Personal names remain among the hardest scholarly metadata to capture properly, including for science blog posts. This week, the Rogue Scholar science blog archive therefore changed how it stores blog post author names: no longer as name, which is the standard in RSS, Atom, and JSON Feeds, but as name only for an organizational author, and as given and family name for personal authors.
This follows the best practices established by ORCID, Crossref, and the Citation Style Language. DataCite and InvenioRDM (the repository platform powering Rogue Scholar and based on the DataCite metadata model) use an implementation that was good for transitioning from names to given and family names (keeping the name field for personal names), but created confusion – personal names should be stored as family name, given name (Doe, John) in the name field, but that is not trivial to enforce and led to many organizations still submitting DataCite metadata with given name family name (e.g. John Doe) as name. For this reason, Rogue Scholar is following the Crossref model and is dropping name for personal names, even if it is a breaking change.

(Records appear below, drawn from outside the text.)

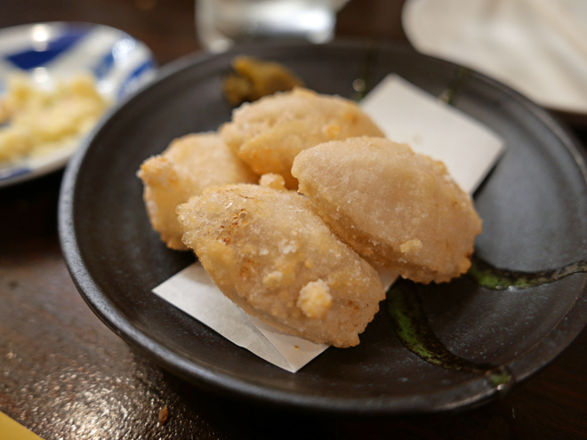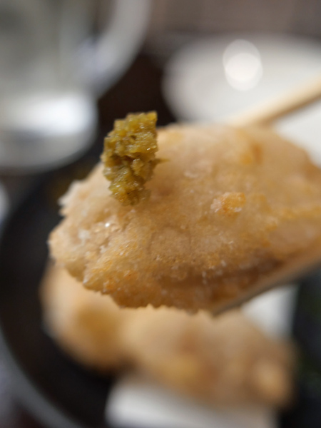 カリッと揚がったのに柚子胡椒をつけていただきます。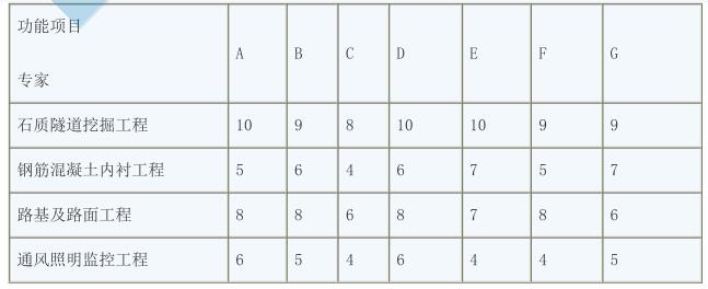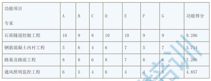某設(shè)計(jì)院承擔(dān)了長約 1.8 公里的高速公路隧道工程項(xiàng)目的設(shè)計(jì)任務(wù)。為控制工程成本,擬對選定的設(shè)計(jì)方案進(jìn)行價(jià)值工程分析。專家組選取了四個主要功能項(xiàng)目,7 名專家進(jìn)行了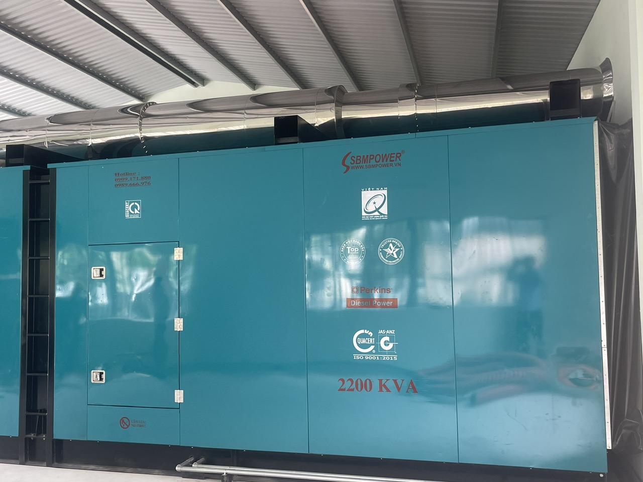 THÔNG SỐ CHÍNH: TP2200S: CÔNG SUẤT TỐI ĐA 2200KVA, 400/230V, 1500VP/, 50HZ. ĐỘNG CƠ PERKINS 4016 TAG2A - XUẤT XỨ TỪ ANH; ĐẦU PHÁT LEROYSOMER LSA 52.3S6- XUẤT XỨ TỪ CH PHÁP; HỆ THỐNG ĐIỀU KHIỂN DEEPSEA 7320MKII, XUẤT XỨ TỪ ANH; ATS DÙNG CÁC MÁY CẮT KHÔNG KHÍ MITSUBISHI-XUẤT XỨ TỪ NHẬT. TỔ HỢP SẢN XUẤT- LẮP RÁP BỞI SBM, ĐẠT TCVN 9729:2013.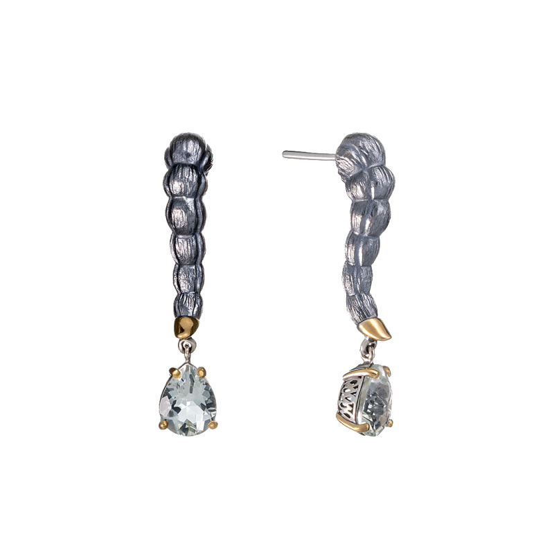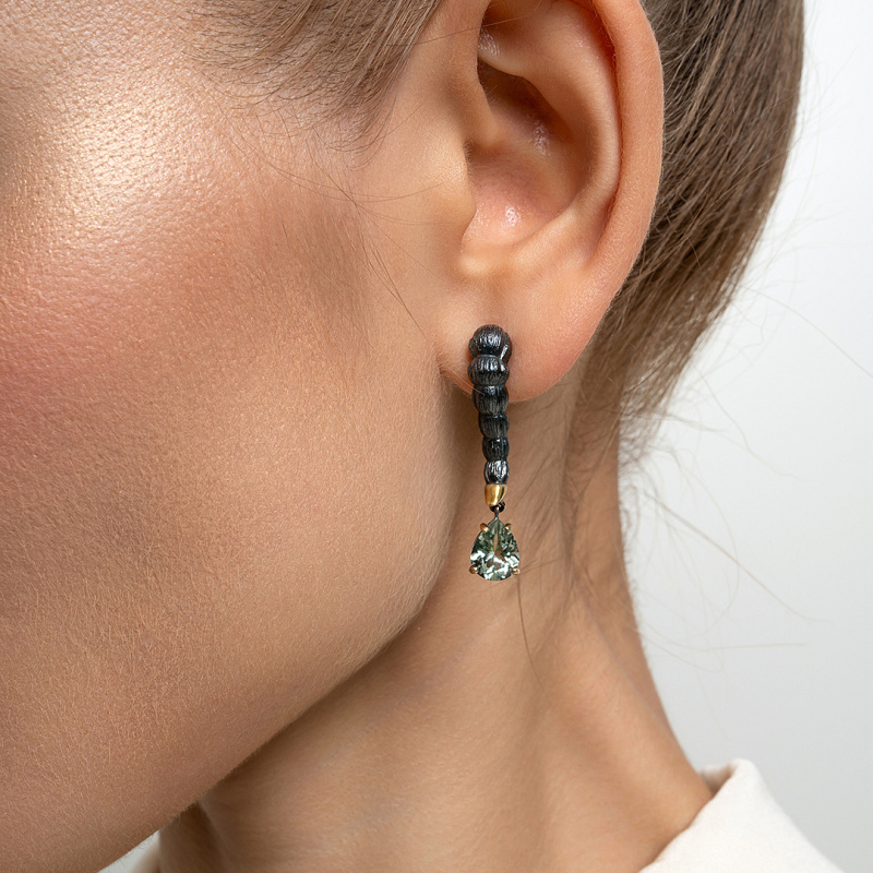 Серьги из серебра с празиолитом

Extracting the given and family name from a name can not be fully automated, as there are important edge cases: a) organization names that look like personal names (Alfred P. Sloan Foundation) and b) personal names with multiple family names (Bastian Greshake Tsovaras) vs. multiple given names (Martin Paul Eve) vs. names with propositions (Wilma van Weezenbeck). More background info and additional edge cases (e.g. given name without family name) can be found in a 2011 W3C document.
To handle these special cases, Rogue Scholar has started a curated list of author names that fall into one of these categories and can correctly split names into given and family names, or not split the name as it is an organizational name. The transition of the more than 40K blog posts into the new format will take some time, but is only urgent for the edge cases mentioned above.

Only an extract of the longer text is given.